A core challenge for personality assessment is that the phenomena of interest are complex patterns in individual differences that partially manifest over time. These patterns are typically represented as latent constructs (e.g., traits and states, values, goals, identity) that are mostly assessed using self-report methods (Paulhus & Vazire, 2007). However, it has repeatedly been highlighted that more objective data on naturalistic behavior is needed to improve measurements in psychological science (Baumeister et al., 2007; Furr, 2009). For example, a personality assessment goal might include determining the extent to which a person is sociable over time, in general (trait assessment), or in a given situation during a short period of time (state assessment). In order to measure a person’s sociability at the trait or state level, they could be asked about their communication behavior using self-report methods or be observed engaging in communication behavior using naturalistic observation methods.
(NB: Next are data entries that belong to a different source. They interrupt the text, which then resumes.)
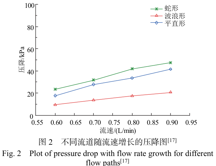 式中:Wp為泵功率,W;V為體積流量,cm3/s;ΔP為壓降,Pa;R為熱阻,K/W;函數(shù)表示熱阻隨泵功率變化曲線下的面積。結(jié)果表明,64流道的歧管綜合性能表現(xiàn)最好。但目前分歧管制造難度大,選擇平直形微通道改良的結(jié)構(gòu)較為實(shí)用,因此OSMAN等研究了蛇形、波浪形和平直形微通道冷板的冷卻效果,結(jié)果表明蛇形的冷卻效果提升最顯著,相比平直形的熱阻降低了10.5%,而波浪形熱阻相比平直形降低了8.3%。不同形式的微通道壓降如圖2所示,可見波浪形流道具有最低的壓降,具有最優(yōu)的綜合性能。ZHANG等對(duì)針翅形微通道進(jìn)行了研究,結(jié)果發(fā)現(xiàn)交錯(cuò)翅片具有最優(yōu)的性能,相比平直翅片溫度降低了6.75%,壓降還降低了13.33%, 具有較高的實(shí)用價(jià)值。RONG等針對(duì)仿生形(蛛網(wǎng)形)微通道冷板進(jìn)行流動(dòng)傳熱特性研究,結(jié)果表明蛛網(wǎng)形微通道中心角對(duì)傳熱性能影響不大,而通道寬度與通道間距的比值對(duì)傳熱性能有顯著影響。 因此應(yīng)重點(diǎn)針對(duì)通道寬度和通道間距進(jìn)行優(yōu)化。
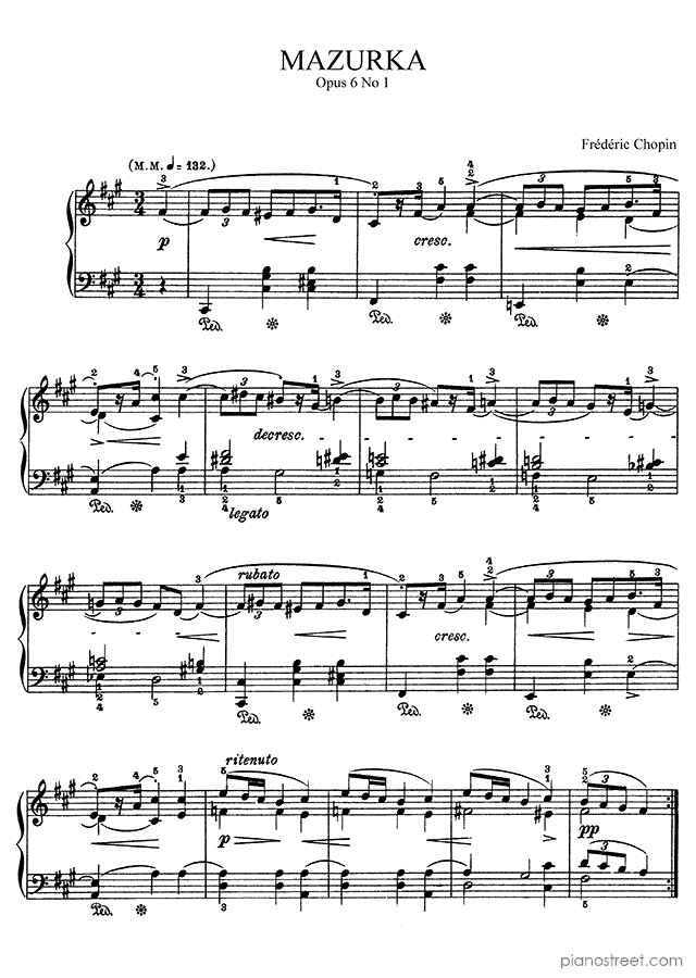 DOWNLOAD Mazurka in F-sharp Minor Op. 6 No. 1 by Frédéric Chopin. High quality classical piano scores from the Piano Street sheet music library.
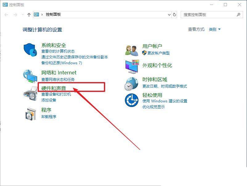 2、控制面板窗口中,切换到类别查看方式,然后点击硬件和声音;

Over the past decade, advances in computing technologies for data collection (e.g., social media platforms, smartphones) and analysis (e.g., machine learning) have made behavioral observation studies increasingly viable (and valuable), enabling more and better use of objective measurements in addition to subjective questionnaire items (Yarkoni, 2012). For example, consider that many everyday thoughts, feelings, and behaviors are now mediated, reflected, and often recorded by the ubiquitous apps, social media platforms, and other technologies that people use on a daily basis. These digital records can be collected, aggregated, and analyzed for business applications and research alike. By providing a means of observing personality-relevant information in daily life, computing technologies introduce new opportunities for the quantification of individual differences from observational data. The use of computational technologies for assessment can also help us overcome our own human limitations (e.g., memory limitations when providing self-reports) and biases in theory development (e.g., inability to consider the influence of many factors at the same time, innate tendency to converge to simple theories; Jolly & Chang, 2019).

Research at the intersection of personality psychology and computer science has already begun to 1) harness computational technologies to collect and store new sources of personality-relevant data, and 2) model such data to describe, understand, and predict individual differences. Given that computational technologies have and will continue to change measurement in psychological science, here we provide an overview of the most promising sources of data and current approaches being used in computational personality assessment.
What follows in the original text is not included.